What is needed is the exact text of each line in the listing below from the one with "昨日夜にステンドグラス工房彩" up to and including the one with "Broadcaster and entrepreneur", and no pictures.

- [Source data]
◇ ◇ ◇ ◇ ◇ ◇ ◇

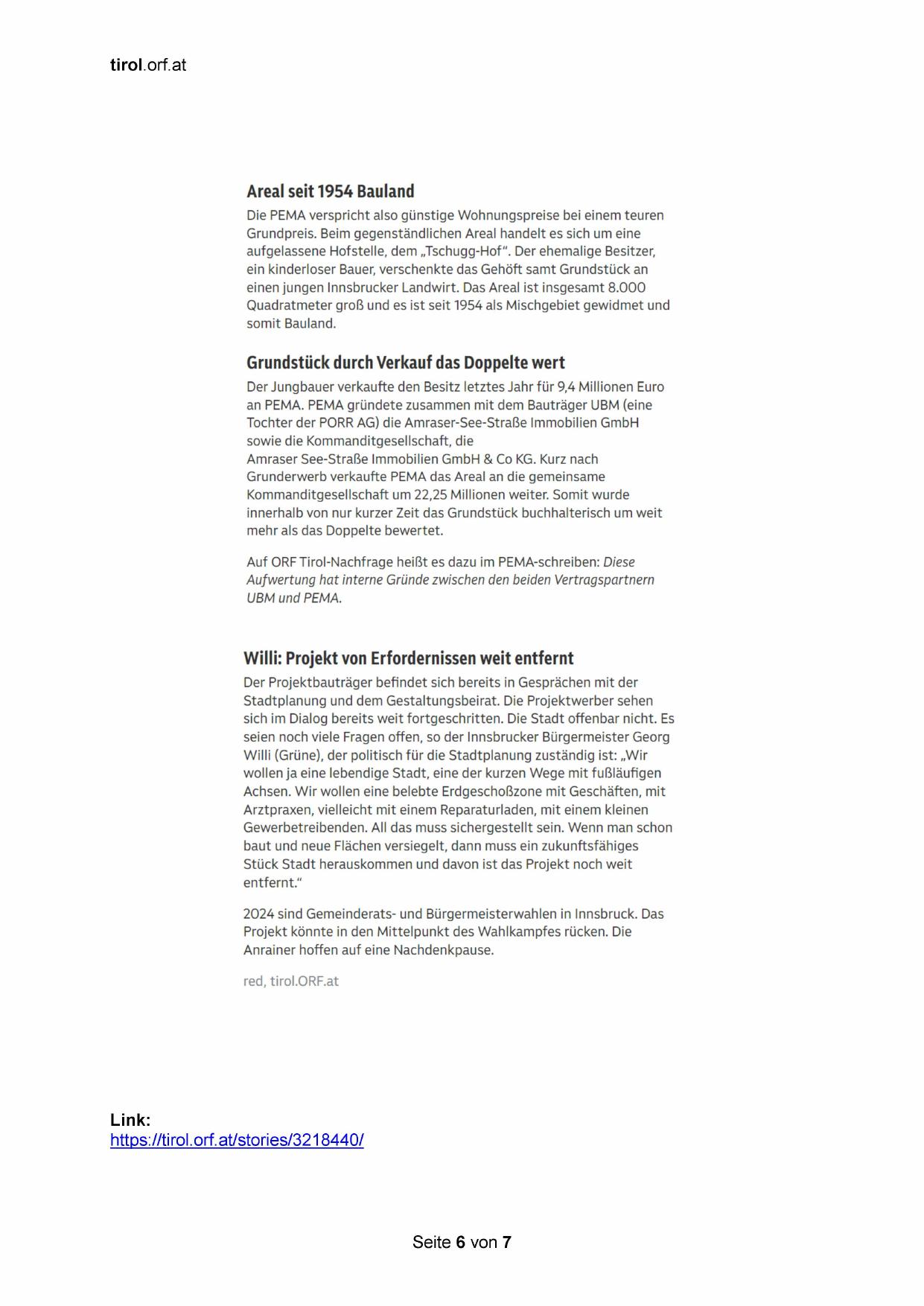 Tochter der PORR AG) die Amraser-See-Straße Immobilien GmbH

◇ ◇ ◇ ◇ ◇ ◇ ◇

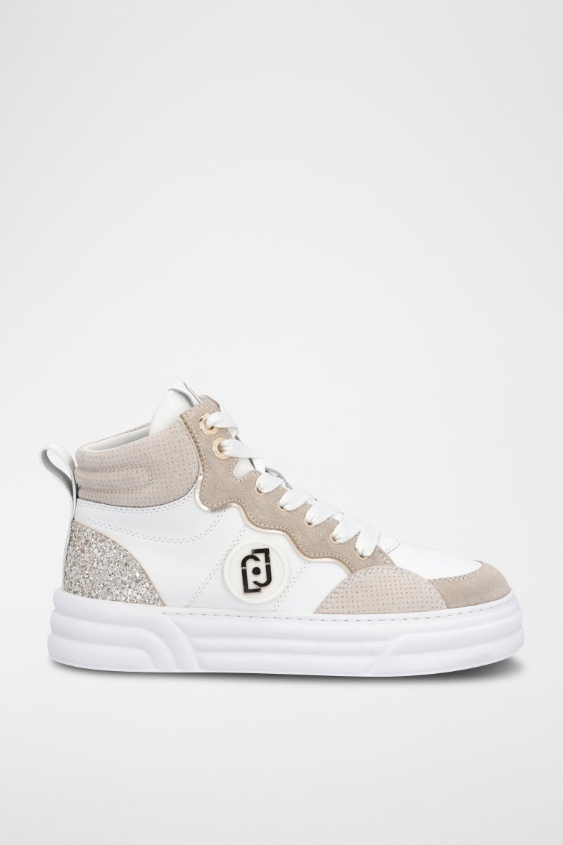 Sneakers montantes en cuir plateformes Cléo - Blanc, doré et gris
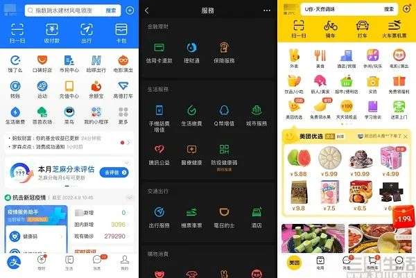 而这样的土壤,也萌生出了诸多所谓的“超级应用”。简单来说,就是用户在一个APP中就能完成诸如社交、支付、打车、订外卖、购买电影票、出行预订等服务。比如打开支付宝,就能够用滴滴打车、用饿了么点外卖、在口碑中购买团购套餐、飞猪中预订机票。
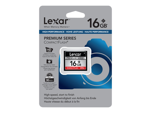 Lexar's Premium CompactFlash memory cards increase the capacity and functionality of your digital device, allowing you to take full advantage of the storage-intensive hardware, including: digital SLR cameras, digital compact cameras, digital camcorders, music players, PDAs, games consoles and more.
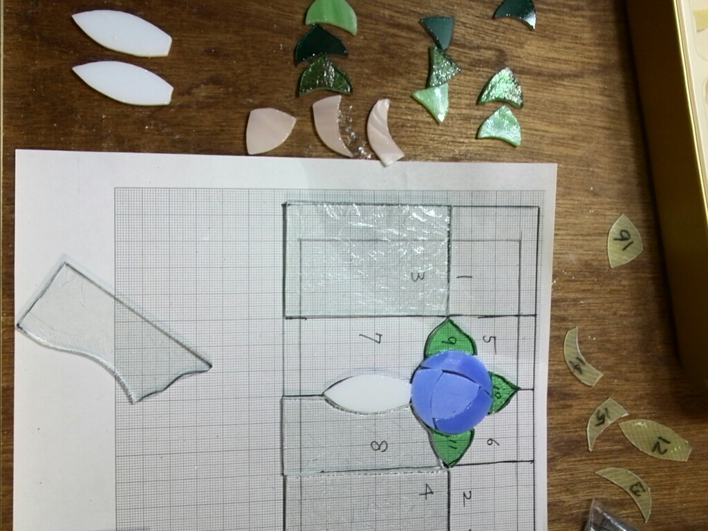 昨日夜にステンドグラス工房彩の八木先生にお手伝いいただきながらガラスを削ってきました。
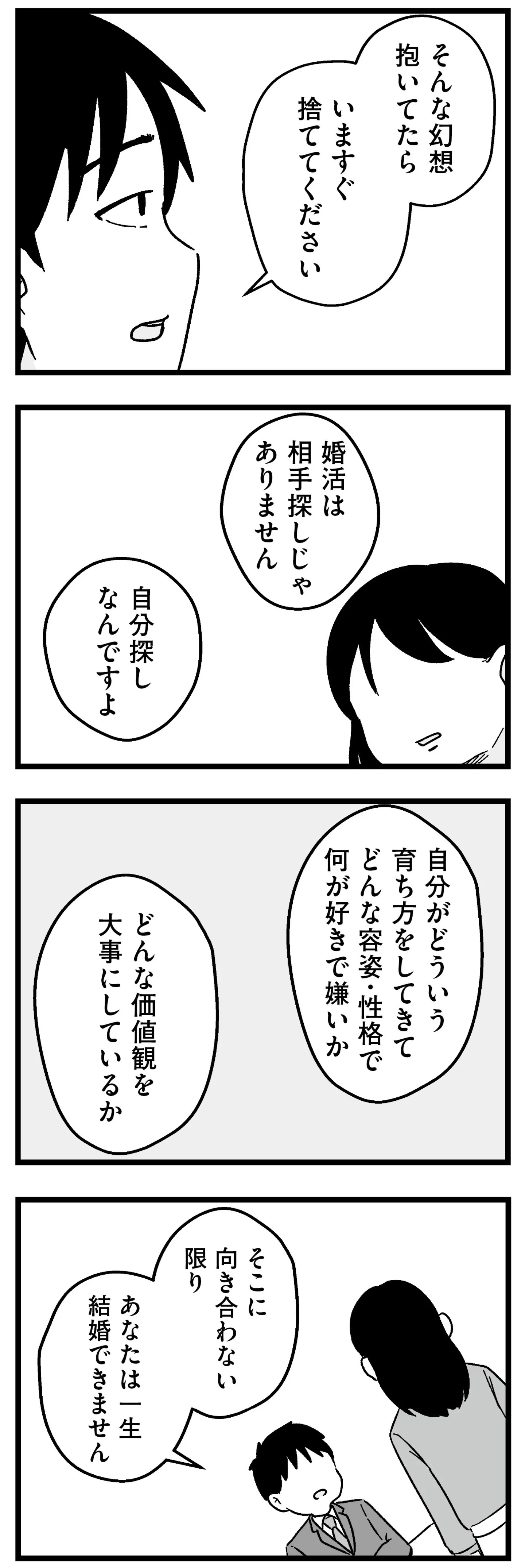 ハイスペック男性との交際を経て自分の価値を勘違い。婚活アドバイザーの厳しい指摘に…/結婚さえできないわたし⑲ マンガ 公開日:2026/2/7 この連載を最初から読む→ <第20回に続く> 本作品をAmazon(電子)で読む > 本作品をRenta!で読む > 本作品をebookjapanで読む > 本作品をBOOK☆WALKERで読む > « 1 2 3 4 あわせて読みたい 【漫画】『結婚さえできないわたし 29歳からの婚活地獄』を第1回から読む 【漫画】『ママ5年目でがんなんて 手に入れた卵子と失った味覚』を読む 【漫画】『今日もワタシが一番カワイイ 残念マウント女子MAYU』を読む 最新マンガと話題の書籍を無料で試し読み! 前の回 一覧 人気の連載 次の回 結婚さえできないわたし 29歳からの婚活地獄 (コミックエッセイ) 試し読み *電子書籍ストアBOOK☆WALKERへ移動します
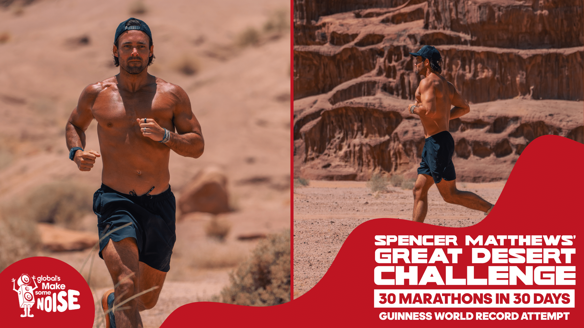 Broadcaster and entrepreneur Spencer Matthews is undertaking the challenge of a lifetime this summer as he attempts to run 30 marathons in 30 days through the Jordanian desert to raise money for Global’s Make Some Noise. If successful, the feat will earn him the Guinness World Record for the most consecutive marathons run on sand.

◇ ◇ ◇ ◇ ◇ ◇ ◇

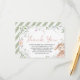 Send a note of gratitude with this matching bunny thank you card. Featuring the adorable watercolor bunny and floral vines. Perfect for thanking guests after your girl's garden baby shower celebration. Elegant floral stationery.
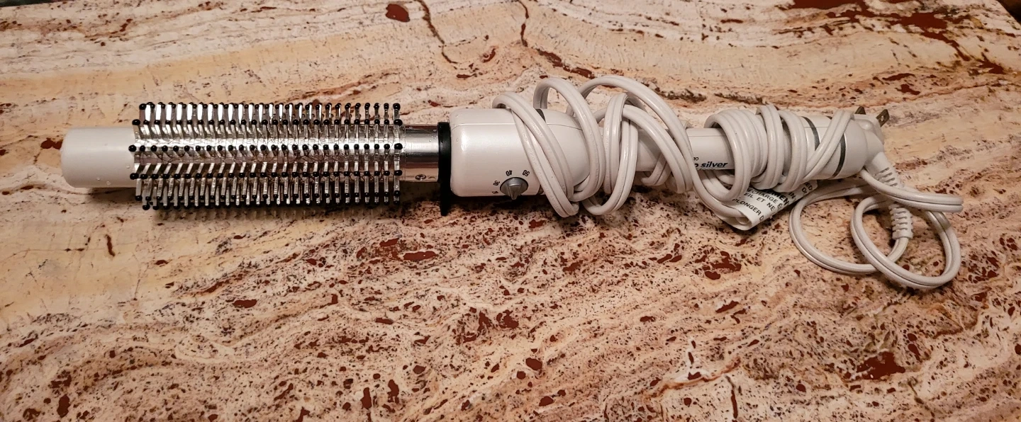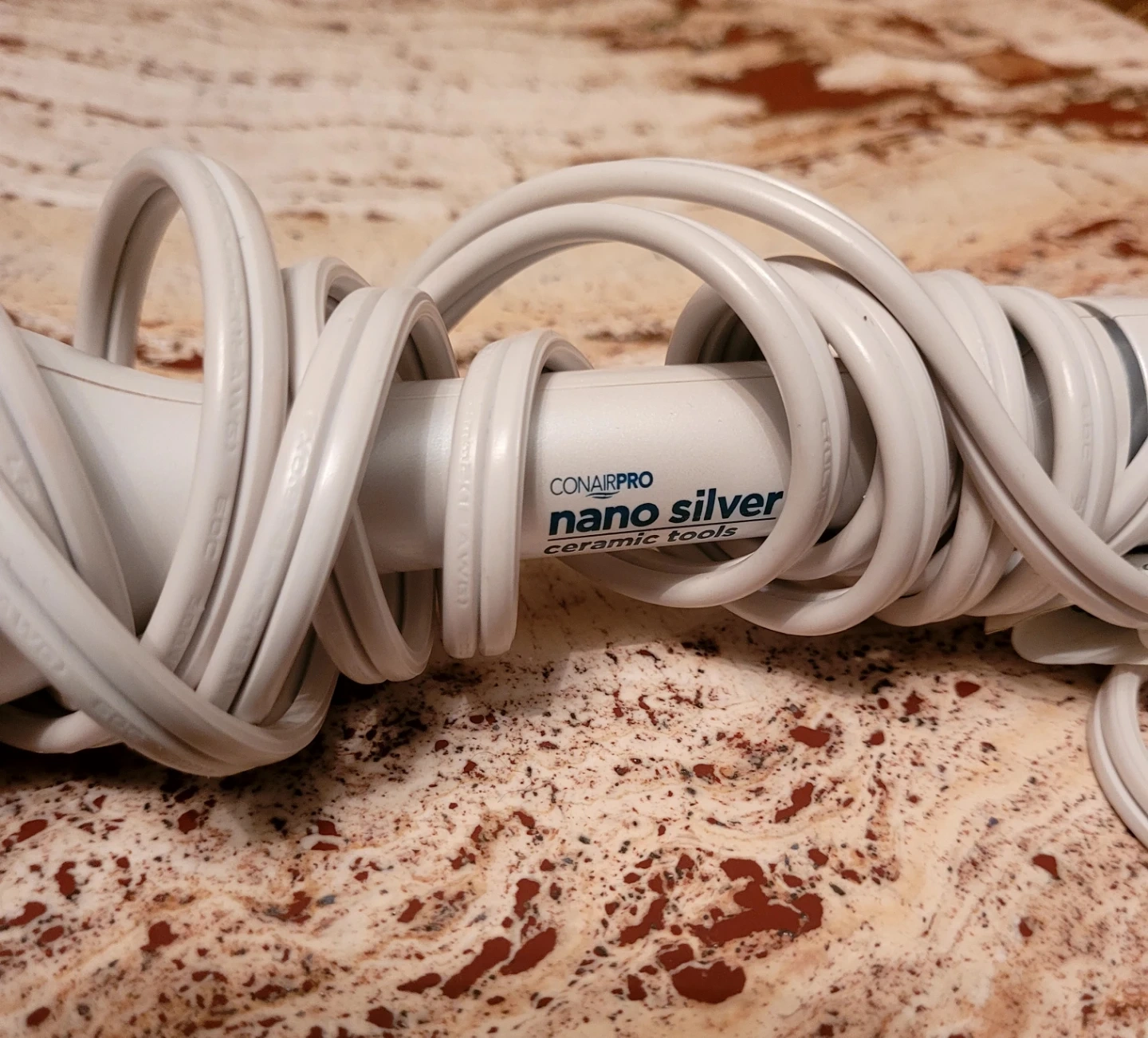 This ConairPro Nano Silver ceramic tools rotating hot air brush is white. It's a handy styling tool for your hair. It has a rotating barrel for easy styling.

◇ ◇ ◇ ◇ ◇ ◇ ◇

- [Response]
 昨日夜にステンドグラス工房彩の八木先生にお手伝いいただきながらガラスを削ってきました。
 ハイスペック男性との交際を経て自分の価値を勘違い。婚活アドバイザーの厳しい指摘に…/結婚さえできないわたし⑲ マンガ 公開日:2026/2/7 この連載を最初から読む→ <第20回に続く> 本作品をAmazon(電子)で読む > 本作品をRenta!で読む > 本作品をebookjapanで読む > 本作品をBOOK☆WALKERで読む > « 1 2 3 4 あわせて読みたい 【漫画】『結婚さえできないわたし 29歳からの婚活地獄』を第1回から読む 【漫画】『ママ5年目でがんなんて 手に入れた卵子と失った味覚』を読む 【漫画】『今日もワタシが一番カワイイ 残念マウント女子MAYU』を読む 最新マンガと話題の書籍を無料で試し読み! 前の回 一覧 人気の連載 次の回 結婚さえできないわたし 29歳からの婚活地獄 (コミックエッセイ) 試し読み *電子書籍ストアBOOK☆WALKERへ移動します
 Broadcaster and entrepreneur Spencer Matthews is undertaking the challenge of a lifetime this summer as he attempts to run 30 marathons in 30 days through the Jordanian desert to raise money for Global’s Make Some Noise. If successful, the feat will earn him the Guinness World Record for the most consecutive marathons run on sand.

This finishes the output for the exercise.